EvaluationExperiments
Experiments
Systematically evaluate AI pipeline outputs against a dataset using prompts, APIs, or existing runs.
Experiments
Experiments let you systematically evaluate the outputs of an AI pipeline against a dataset, using one or more evaluators. Each run produces scored results you can compare and analyze in the dashboard.
How to Provide Outputs
Every experiment needs outputs to score. The platform supports three ways to provide them:
- Prompt + Dataset — the platform runs the given prompt against each dataset item to generate outputs, then evaluates them. Use when you want to test a prompt end-to-end.

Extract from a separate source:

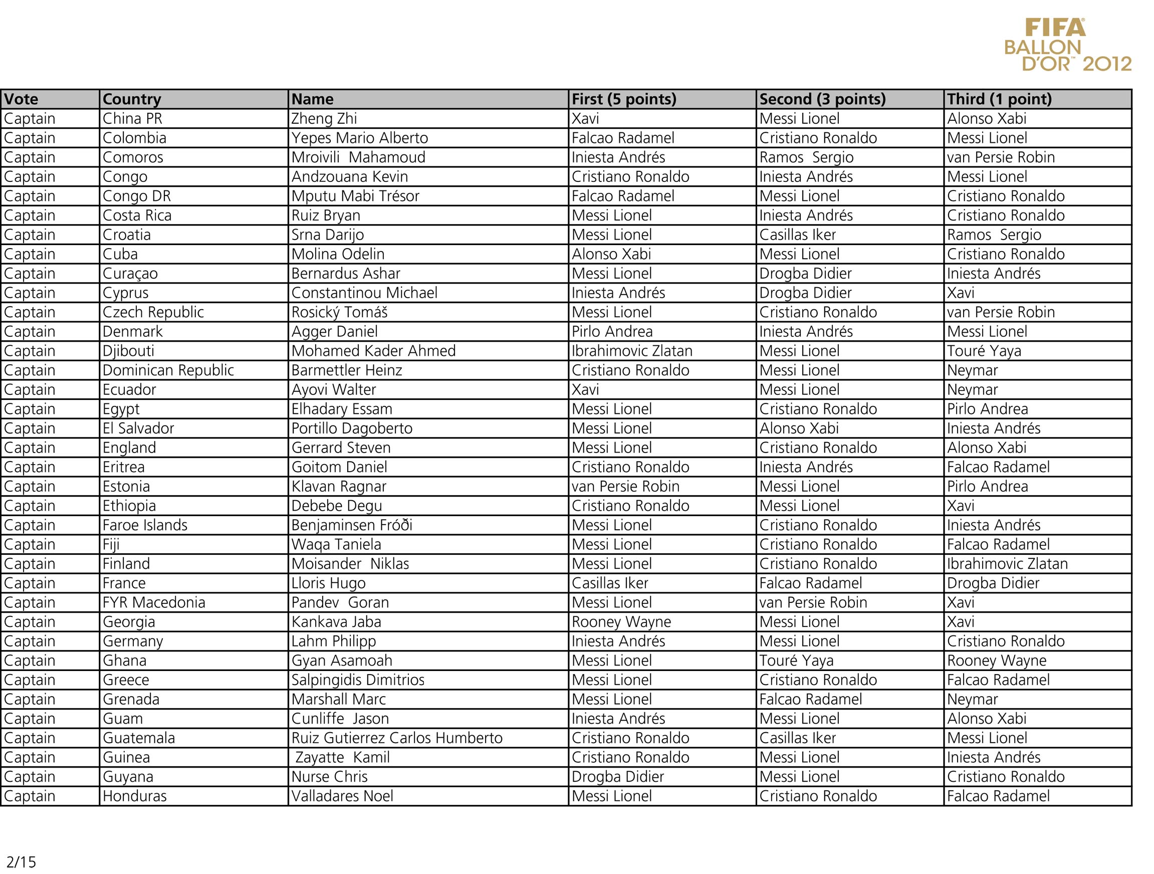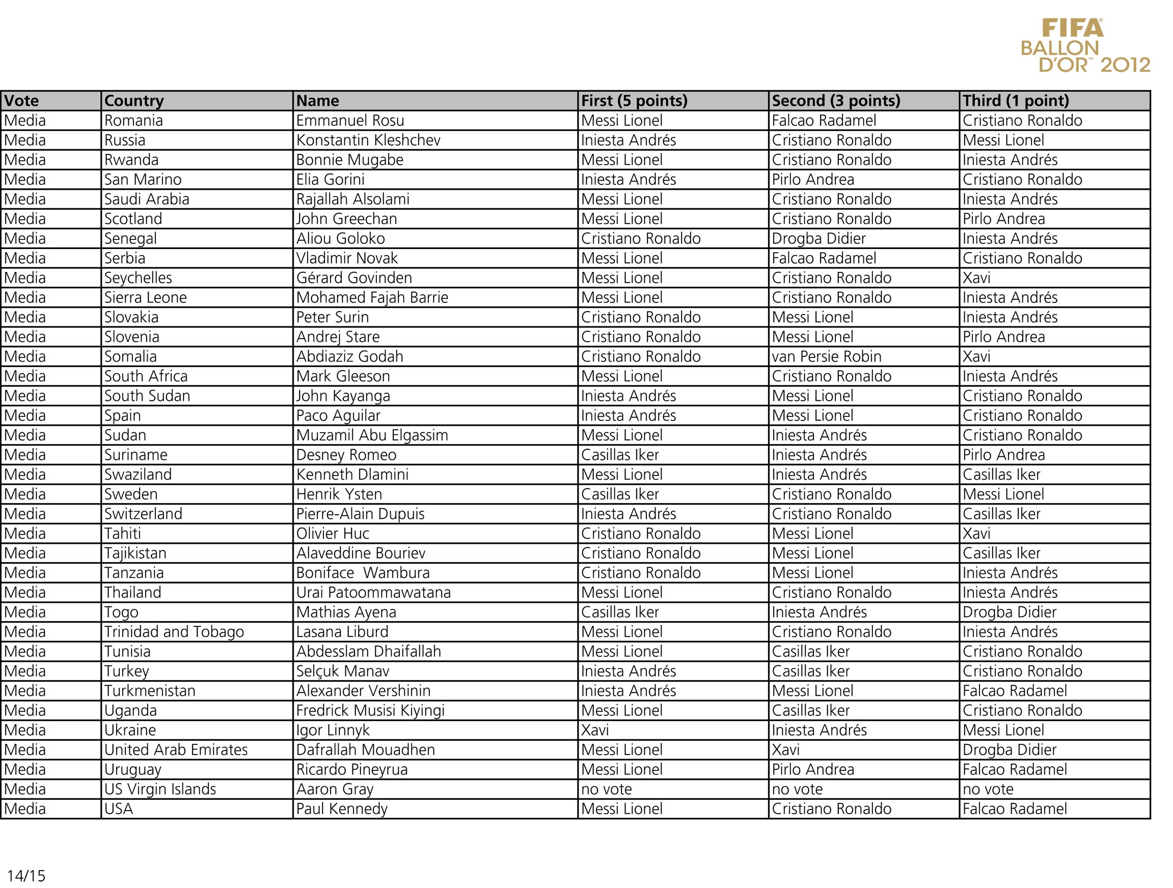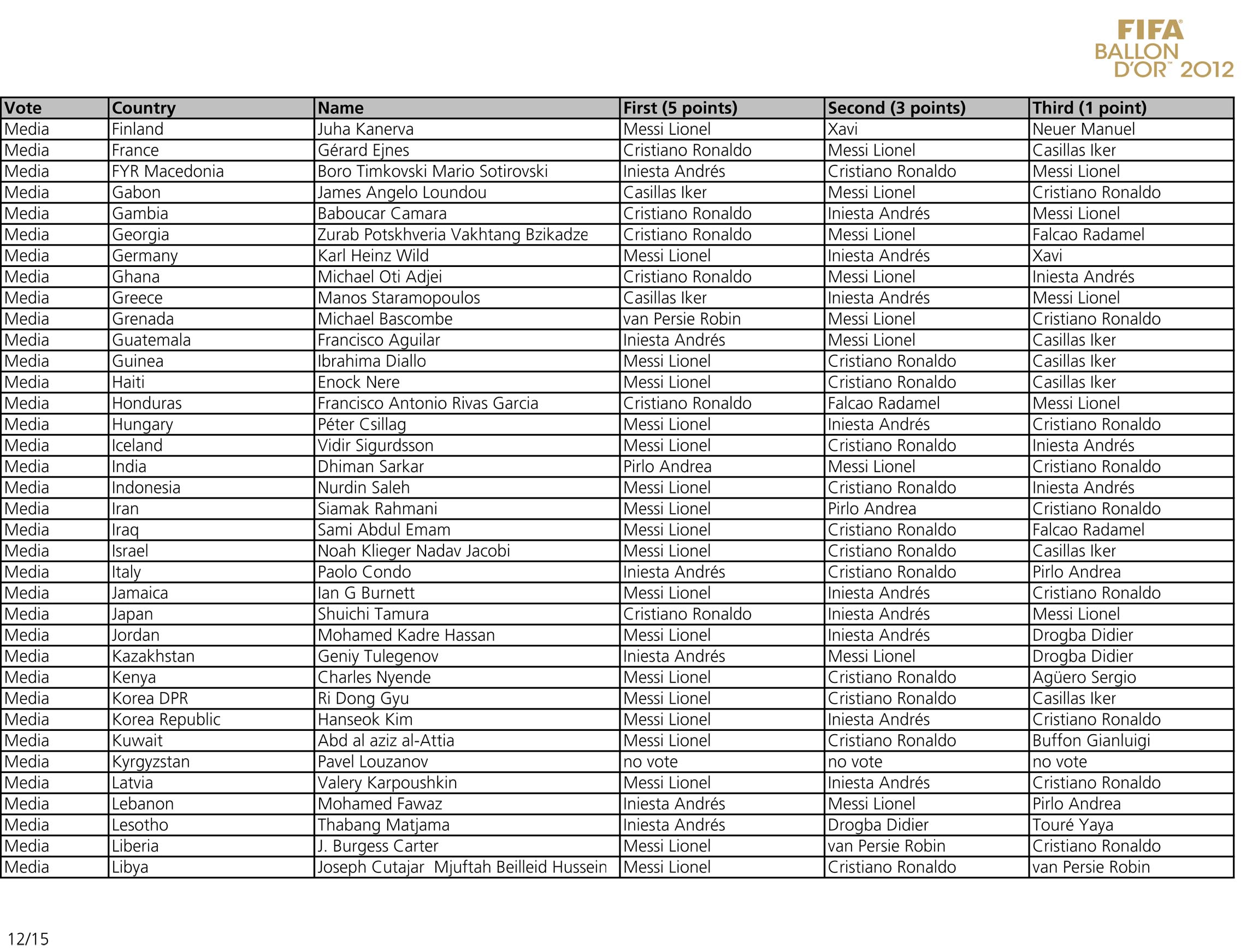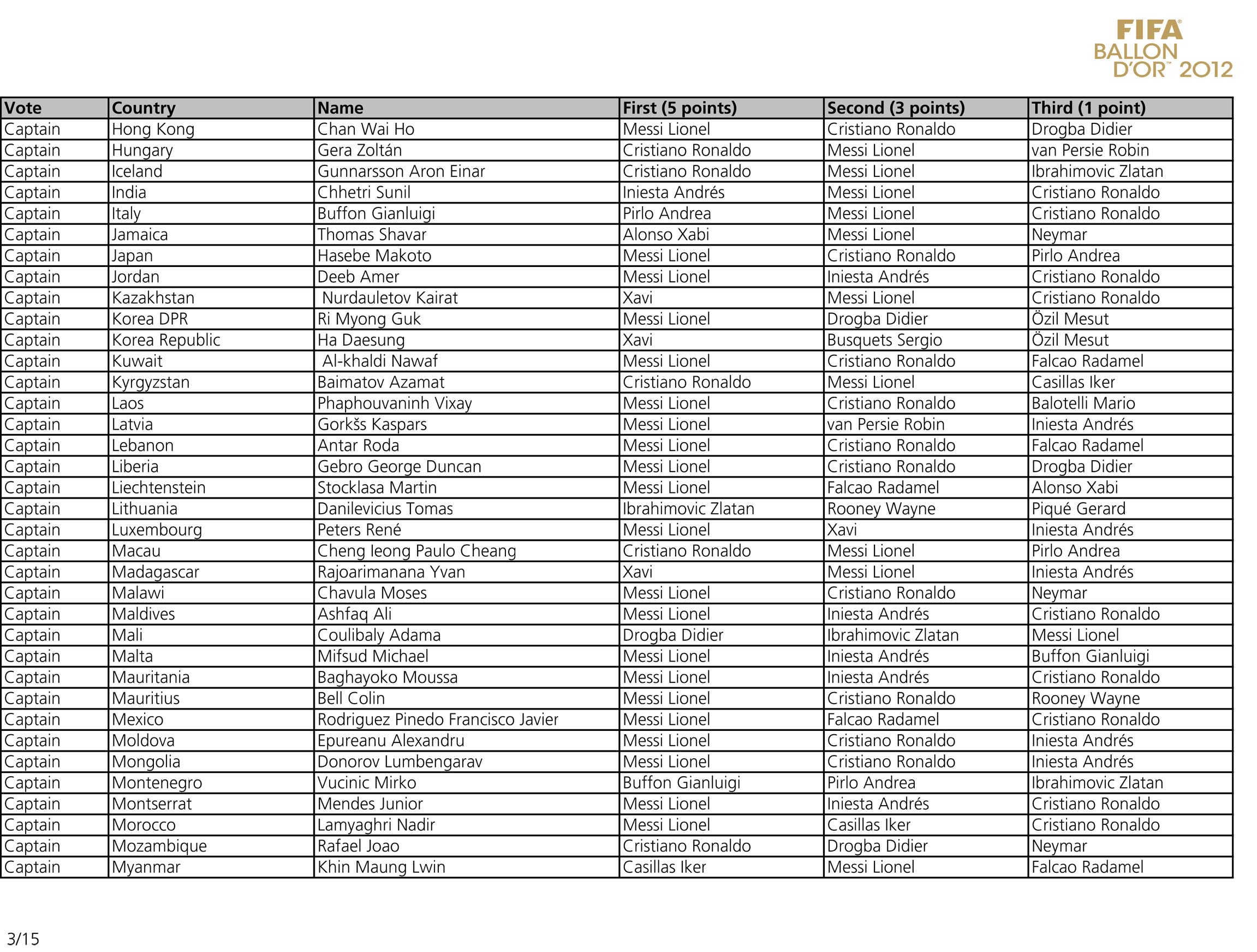 Результаты голосования за титул обладателя "Золотого Мяча - 2012" (ФОТО)

- API (Dashboard only) — configure an HTTP endpoint that receives each dataset item and returns an output. The platform calls your API, collects the response, and evaluates it. Use when your AI pipeline isn't just a single prompt (e.g., RAG, agents, custom workflows).
- Dataset Run Tag — point the experiment at an existing tagged dataset run that already has outputs (generated from your own code or trace pipeline). Use when you've already run the pipeline and just want to evaluate the results.
All three options use the same evaluator lists and produce results in the same dashboard view.
Where to Create Experiments
- Dashboard UI — configure and launch from Evaluation > Experiments. Supports all three output options above, including the API-based experiment.
- SDK — TypeScript, Python, and Java SDKs support Prompt + Dataset and Dataset Run Tag via
client.experiments.create()/client.experimentRuns.create(). - REST API — direct HTTP access to the same endpoints. See the Experiments API reference.